The longest nonstop passenger flight touched down in Australia on Sunday morning after spending more than 19 hours in the air in a milestone journey from New York that Qantas hopes to parlay into commercial success.

Qantas Flight QF7879 took 19 hours and 16 minutes to fly direct from New York to Sydney in the first of three “ultralong-haul” journeys that are planned by the airline this year.

The Australian national flag-carrier is operating the test flights — which also include one from London to Sydney — as it weighs a rollout of regular services on marathon routes from the United States and Britain to Australia.

Just 49 people traveled on the Boeing 787-9 in order to minimize the weight on board and give the plane sufficient fuel range to travel more than 16,000 kilometers (9,500 miles) without refueling.

Qantas CEO Alan Joyce called it “a really historic moment” for both the airline and world aviation.

“This is the first of three test flights that’s going to come up with recommendations about how we manage pilot fatigue (and) how we actually manage passenger jet lag,” he told reporters after arriving in Sydney.

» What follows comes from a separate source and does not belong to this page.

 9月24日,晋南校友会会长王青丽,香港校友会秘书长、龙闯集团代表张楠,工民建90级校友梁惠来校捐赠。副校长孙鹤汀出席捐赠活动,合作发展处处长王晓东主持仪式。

“After 19 hours on this flight, I think we’ve gotten this right. It feels like we’ve been on a flight a lot shorter than that.”

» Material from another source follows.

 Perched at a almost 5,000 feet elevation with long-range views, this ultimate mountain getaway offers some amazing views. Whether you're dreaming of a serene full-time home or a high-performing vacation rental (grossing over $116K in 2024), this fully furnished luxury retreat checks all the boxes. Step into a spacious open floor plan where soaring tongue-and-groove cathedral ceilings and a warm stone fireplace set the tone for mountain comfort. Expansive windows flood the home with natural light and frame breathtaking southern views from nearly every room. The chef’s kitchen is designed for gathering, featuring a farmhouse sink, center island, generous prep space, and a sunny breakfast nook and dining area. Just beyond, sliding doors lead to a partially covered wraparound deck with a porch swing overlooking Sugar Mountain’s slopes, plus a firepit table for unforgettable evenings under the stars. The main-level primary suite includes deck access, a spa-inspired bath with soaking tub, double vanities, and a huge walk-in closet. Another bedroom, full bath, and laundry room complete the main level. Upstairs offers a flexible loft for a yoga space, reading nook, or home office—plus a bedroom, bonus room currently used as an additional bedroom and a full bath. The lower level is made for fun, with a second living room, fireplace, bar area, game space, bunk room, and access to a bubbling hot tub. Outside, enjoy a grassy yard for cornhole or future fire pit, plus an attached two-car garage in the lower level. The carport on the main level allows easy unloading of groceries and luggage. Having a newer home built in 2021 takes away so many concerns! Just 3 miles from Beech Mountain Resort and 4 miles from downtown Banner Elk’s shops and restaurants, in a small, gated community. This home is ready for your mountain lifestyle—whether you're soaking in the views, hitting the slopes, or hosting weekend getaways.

Qantas partnered with two Australian universities to monitor how jet lag affected the health of passengers and crew members as they crossed multiple time zones.

After boarding the flight, passengers set their watches to Sydney time and were kept awake until night fell in eastern Australia with lighting, exercise, caffeine and a spicy meal.

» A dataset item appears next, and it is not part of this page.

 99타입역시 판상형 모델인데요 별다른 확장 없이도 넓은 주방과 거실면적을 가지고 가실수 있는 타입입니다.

Six hours later, they were served a high-carbohydrate meal and were told to avoid screens.

Then the lights were dimmed to encourage them to sleep through the night.

Professor Marie Carroll, a researcher from Sydney University who conducted the experiment, said she expected the innovative approach would result in “absolutely minimal” jet lag.

“I expect that they will have a normal day today and a normal night’s sleep tonight,” she said, adding that she felt “amazingly good” considering the flight time.

“It’s all an experiment to see if airlines can adjust their schedule of food, beverages, exercise and lighting to be in sync with the destination time.”

The four pilots on board — who rotated between flying duties — also wore devices that tracked their brain waves and alertness.

The Australian and International Pilots Association, which represents Qantas pilots, has raised concerns about whether pilots will be able to get enough quality rest during ultralong-range flights so that they can maintain peak performance.

It has called for a “scientific long-term study” into the impacts on crews.

The airline says the test journeys are just one facet of the work it is doing to ensure the flights are operated safely.

Qantas last year introduced the first direct service from the western Australian city of Perth to London, with the 17-hour journey one of the longest passenger flights in the world.